As a result, the map’s outline is not a rectangle or some other compact form, but instead is interrupted. The word homolosine reflects the fact that Goode’s map is a combination of two other projections: the Mollweide homolographic and the Sinusoidal. (Whether or not you ever learn what that means, I will be happy to give you extra-credit for correct spellings.) Although Goode’s projection appears in various atlases and despite its desirable equal-area attribute, many people are visually uncomfortable with its interrupted format.
The Robinson projection
Dr. Arthur H. Robinson, a noted American cartographer, introduced this cylindrical projection in 1963 (see Figure 4-2). If you lie really well, people may not notice. In fact, they may love you because of it. With all due respect and admiration to the good doctor, his map lies really well!

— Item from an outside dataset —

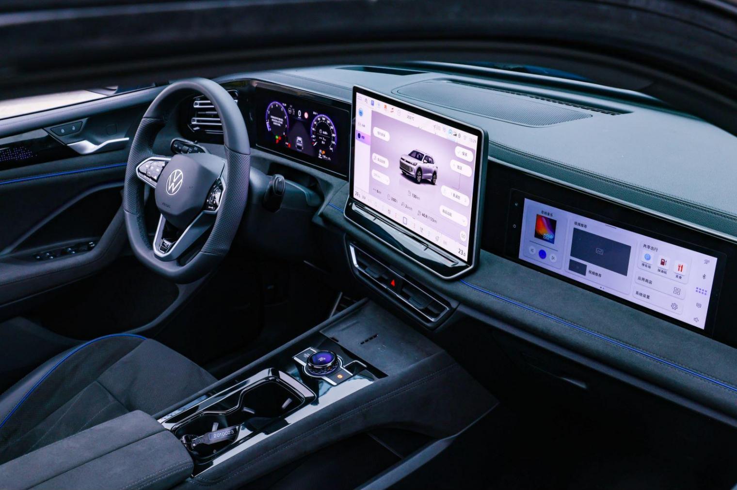 在發布會結束后的第2天,我簡單的試駕了一下這款新車。進入到車內之后給我的感覺就是安全,一切都是為了安全。舉幾個簡單的例子,途觀L Pro 也有副駕駛屏幕,但是從主駕駛的視角往副駕駛看你是看不到任何東西的。只有坐在副駕駛的位置上,你才能看到副駕駛屏幕的顯示內容。我認為這就是為了駕駛者的安全性充分考慮的一種結果。而且副駕駛屏幕可以單獨連接副駕駛的藍牙耳機,這樣副駕駛在享受屏幕帶來的影音娛樂過程當中,對主駕駛完全不會造成任何干擾。而國內不少造車新勢力公司壓根不考慮這些,直接在副駕駛放一個屏幕,影響駕駛者的安全。
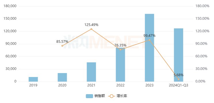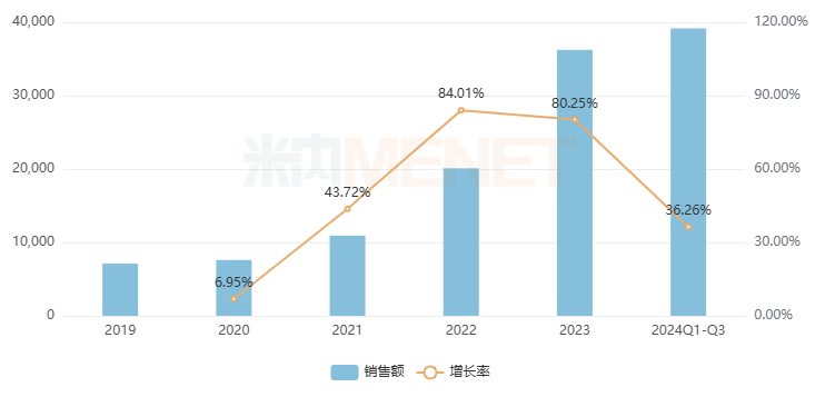 在中國網(wǎng)上藥店終端中成藥市場,太極集團的銷售額從2021年起呈現(xiàn)高速增長態(tài)勢,2024年Q1-Q3達(dá)到3.9億元,已超過2023年全年。

Although the projection contains distortion with respect to size and shape of land areas as well as to distance and direction, it has good overall balance with respect to these elements. In particular, the high latitude land areas are much less distorted than in the Mercator projection. Furthermore, Robinson’s format does not have the interruptions of Goode’s map. As a result of these pluses, the Robinson projection has become one of the popular choices among publishers of atlases and classroom wall maps.
The Lambert Conformal Conic projection
Johann Heinrich Lambert (1728–1777), a noted German physicist and mathematician, developed the Lambert Conformal Conic projection in 1772 (see Figure 4-7). Projections cannot correctly show the shapes of large areas, but they can be drafted such that the shapes of small areas closely conform to reality. That is what the Lambert Conformal Conic Projection achieves.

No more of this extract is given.